Requirement: Please give back, exactly as written, the lines from the line with "Design: Gingham. Checkered." to the line with "김해 21-1A번: 외동차고지(종점)" in the listing below, leaving out all pictures.
------------------------
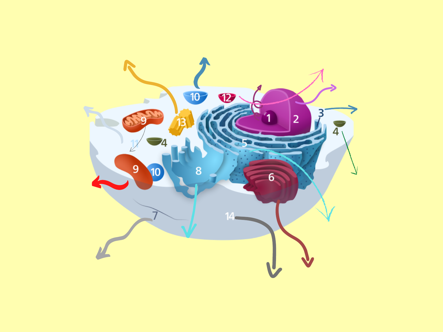 10. Os vacúolos são estruturas celulares envolvidas por membrana plasmática, muito comuns em plantas e presentes também em protozoários e animais. Tem diferentes funções como: regular pH, controlar a entrada e saída de água por osmorregulação, armazenar substâncias, fazer a digestão e excretar os resíduos. 11. O Citoplasma responsável por armazenar substâncias químicas fundamentais para a manutenção da vida. Delimitado pela membrana plasmática e pelo núcleo, o citoplasma preenche todo o interior das células eucariontes 8. Retículo Endoplasmático Liso (REL) dentre as várias funções deste retículo, destaca-se a síntese de lipídeos como fosfolipídeos, óleos e esteroides (incluindo os hormônios sexuais estrogênio e testosterona). 9. A função da mitocôndria é de gerar energia, ocorre através do processo conhecido como respiração celular. Além de oxidar moléculas derivadas da glicose, as mitocôndrias também são responsáveis pela oxidação de ácidos graxos, também com intuito de gerar ATP. 12. Lisossomos originários do aparelho de golgi, os lisossomos são bolsas membranosas que contêm enzimas capazes de digerir substâncias orgânicas. estas organelas são as responsáveis pela digestão intracelular e a sua produção excessiva pode destruir uma célula por autodigestão. 7. O citoesqueleto é uma rede de fibras proteicas localizada no citoplasma das células, é uma estrutura dinâmica que se reorganiza ao longo do ciclo celular. Isto possibilita que a célula mude sua forma, se for necessário, e que sofra contração para permitir o deslizamento e movimentação. 13.Centrossomo ou centro celular é o local onde partem os microtúbulos do citoesqueleto, é o centro organizador próximo do núcleo. Ele consiste de duas estruturas cilíndricas compactas que são conhecidas como centríolos e o material que o circunda, nas células animais. 14. Uma das principais funções da membrana plasmática é controlar o que entra e o que sai do interior da célula, uma propriedade conhecida como permeabilidade seletiva. Por ser formada por uma bicamada lipídica, ela é impermeável à maior parte das moléculas solúveis em água. 5.Retículo endoplasmático rugoso é formado por membranas que se assemelham a "sacos achatados" e possui ribossomos aderidos a sua superfície, também é responsável pela síntese proteica. 4.Vesícula é uma pequena estrutura, que consiste num fluído incluso por uma bicapa lipídica. As vesículas transportam ou digerem produtos celulares ou resíduos. 6.Complexo de Golgi localiza-se próximo ao núcleo celular e é formado por sáculos achatados e vesículas. É a organela responsável pela secreção celular. 3. Os Ribossomos são pequenas estruturas em forma de grânulo. São encontrados tanto em indivíduos eucariontes quanto procariontes e não possuem carioteca. 1. Nucléolo é uma estrutura celular que está presente no núcleo das células eucariontes, é onde são produzidos os RNA’s ribossômicos. 2. O Núcleo é responsável por guardar o material genético, o DNA do ser vivo e comandar tudo o que acontece dentro da célula.
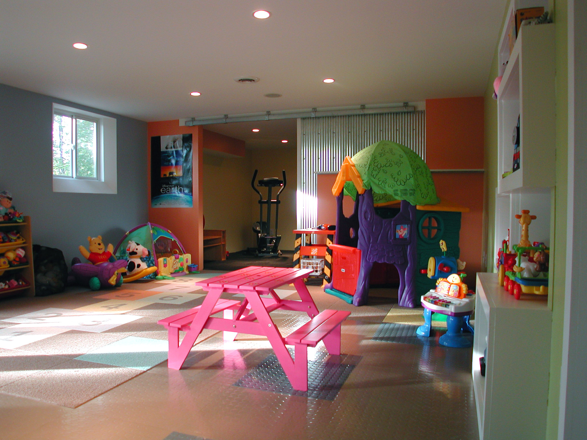N’oubliez pas les plus petits, toujours en besoin d’un bureau rigolo ou d’un support pour faire leurs coloriages. Dans cette salle de jeu, la table de pique-nique est peinte en rose et accueille joyeusement les activités des enfants.
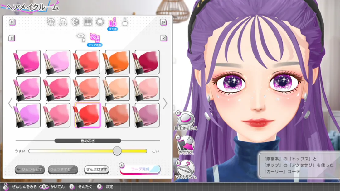 时尚搭配:游戏中的服装、发型、妆容等时尚元素由日本知名青少年时尚杂志《nicola》负责监修,玩家可以自由搭配多种风格的潮流单品。
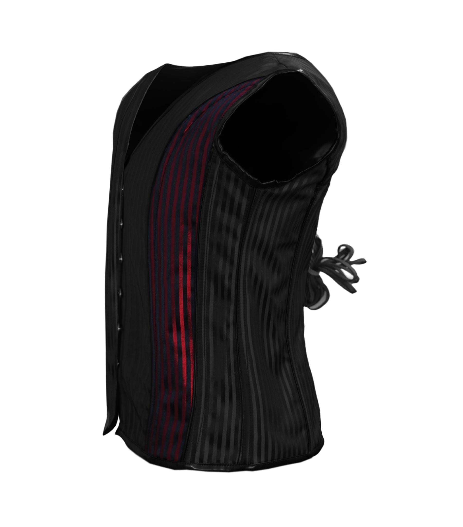 Black Red Strip 600 Brocade Waist Reducing Overbust Men's Corset
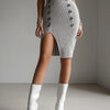 ElevenOra Chic Elegant Gray Double-Breasted Detail Slit Slim-Fit Ribbed Knit Mini Pencil Skirt
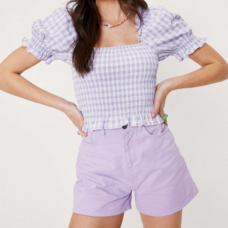 Design: Gingham. Checkered. Oversized. Ruched. Puff Sleeve. Scrunched and Casual Style.
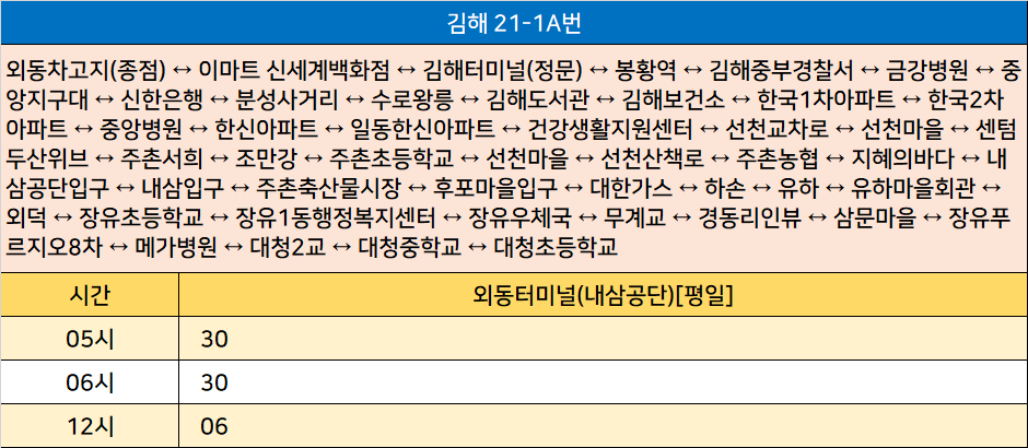 김해 21-1A번: 외동차고지(종점) ↔ 이마트 신세계백화점 ↔ 김해터미널(정문) ↔ 봉황역 ↔ 김해중부경찰서 ↔ 금강병원 ↔ 중앙지구대 ↔ 신한은행 ↔ 분성사거리 ↔ 수로왕릉 ↔ 김해도서관 ↔ 김해보건소 ↔ 한국1차아파트 ↔ 한국2차아파트 ↔ 중앙병원 ↔ 한신아파트 ↔ 일동한신아파트 ↔ 건강생활지원센터 ↔ 선천교차로 ↔ 선천마을 ↔ 센텀두산위브 ↔ 주촌서희 ↔ 조만강 ↔ 주촌초등학교 ↔ 선천마을 ↔ 선천산책로 ↔ 주촌농협 ↔ 지혜의바다 ↔ 내삼공단입구 ↔ 내삼입구 ↔ 주촌축산물시장 ↔ 후포마을입구 ↔ 대한가스 ↔ 하손 ↔ 유하 ↔ 유하마을회관 ↔ 외덕 ↔ 장유초등학교 ↔ 장유1동행정복지센터 ↔ 장유우체국 ↔ 무계교 ↔ 경동리인뷰 ↔ 삼문마을 ↔ 장유푸르지오8차 ↔ 메가병원 ↔ 대청2교 ↔ 대청중학교 ↔ 대청초등학교
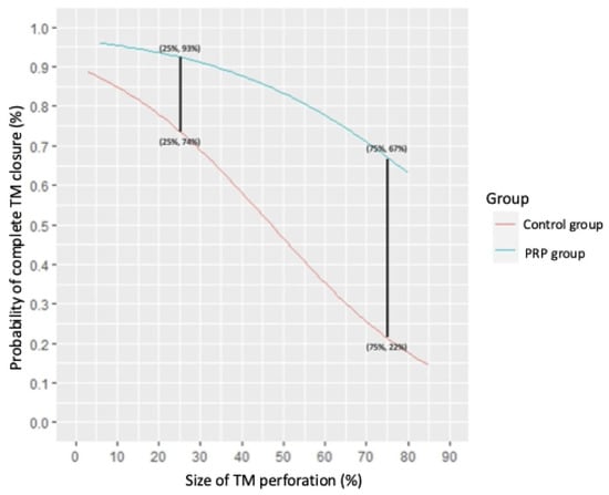 The probability of successful complete tympanic membrane healing in relation to perforation size for both the PRP and control groups. The perforation size is expressed as a percentage of the total tympanic membrane surface area. Legend: PRP—platelet-rich plasma. Note: Two key data points are presented. For perforations covering 25% of the tympanic membrane surface, the success rate of complete healing in the PRP group is 93% compared to 74% in the control group. For perforations covering 75% of the tympanic membrane surface, the success rate in the PRP group drops to 67%, while, in the control group, it is significantly lower, at just 22%. Detailed equations for the calculations are provided in Appendix A.
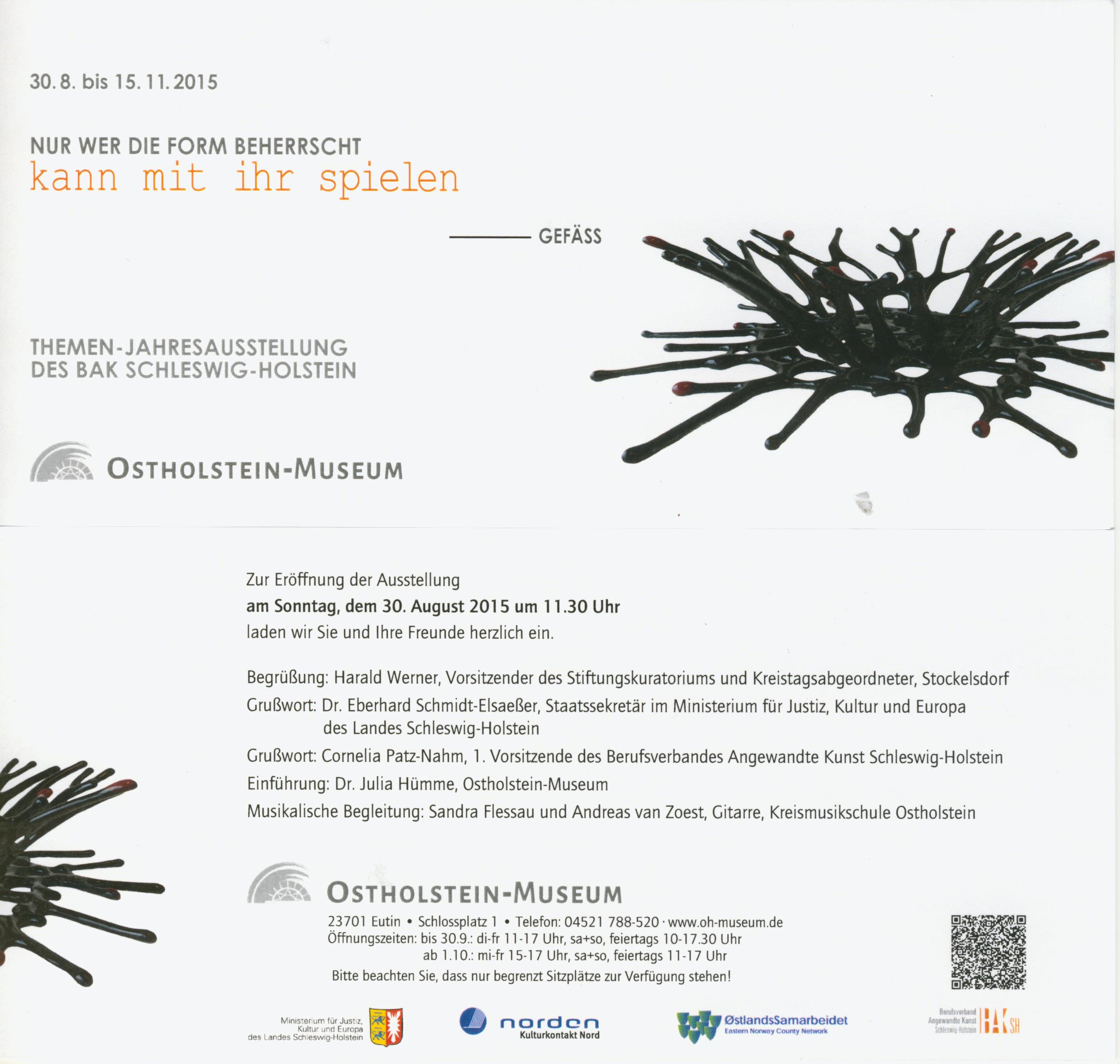 Die diesjährige Ausstellung bildet die Auftaktveranstaltung zu einer Ausstellungsreihe, die künftig alle drei Jahre in Zusammenarbeit mit dem Berufsverband Angewandte Kunst Schleswig-Holstein (BAK-SH) im Ostholstein-Museum stattfinden wird. Neben den Landesmuseen Schloss Gottorf in Schleswig und der Kunsthalle St. Annen in Lübeck wird künftig in einem dreijährigen Turnus auch das Museum in Eutin im Rahmen eines ganz eigenen Ausstellungskonzeptes unter dem Titel „Nur wer die Form beherrscht, kann mit ihr spielen“ die aktuelle angewandte Kunst im Lande zeigen. Es handelt sich dabei um jurierte Ausstellungen mit wechselnden Arbeitsthemen.
------------------------
Exercise solution:
 Design: Gingham. Checkered. Oversized. Ruched. Puff Sleeve. Scrunched and Casual Style.
 김해 21-1A번: 외동차고지(종점) ↔ 이마트 신세계백화점 ↔ 김해터미널(정문) ↔ 봉황역 ↔ 김해중부경찰서 ↔ 금강병원 ↔ 중앙지구대 ↔ 신한은행 ↔ 분성사거리 ↔ 수로왕릉 ↔ 김해도서관 ↔ 김해보건소 ↔ 한국1차아파트 ↔ 한국2차아파트 ↔ 중앙병원 ↔ 한신아파트 ↔ 일동한신아파트 ↔ 건강생활지원센터 ↔ 선천교차로 ↔ 선천마을 ↔ 센텀두산위브 ↔ 주촌서희 ↔ 조만강 ↔ 주촌초등학교 ↔ 선천마을 ↔ 선천산책로 ↔ 주촌농협 ↔ 지혜의바다 ↔ 내삼공단입구 ↔ 내삼입구 ↔ 주촌축산물시장 ↔ 후포마을입구 ↔ 대한가스 ↔ 하손 ↔ 유하 ↔ 유하마을회관 ↔ 외덕 ↔ 장유초등학교 ↔ 장유1동행정복지센터 ↔ 장유우체국 ↔ 무계교 ↔ 경동리인뷰 ↔ 삼문마을 ↔ 장유푸르지오8차 ↔ 메가병원 ↔ 대청2교 ↔ 대청중학교 ↔ 대청초등학교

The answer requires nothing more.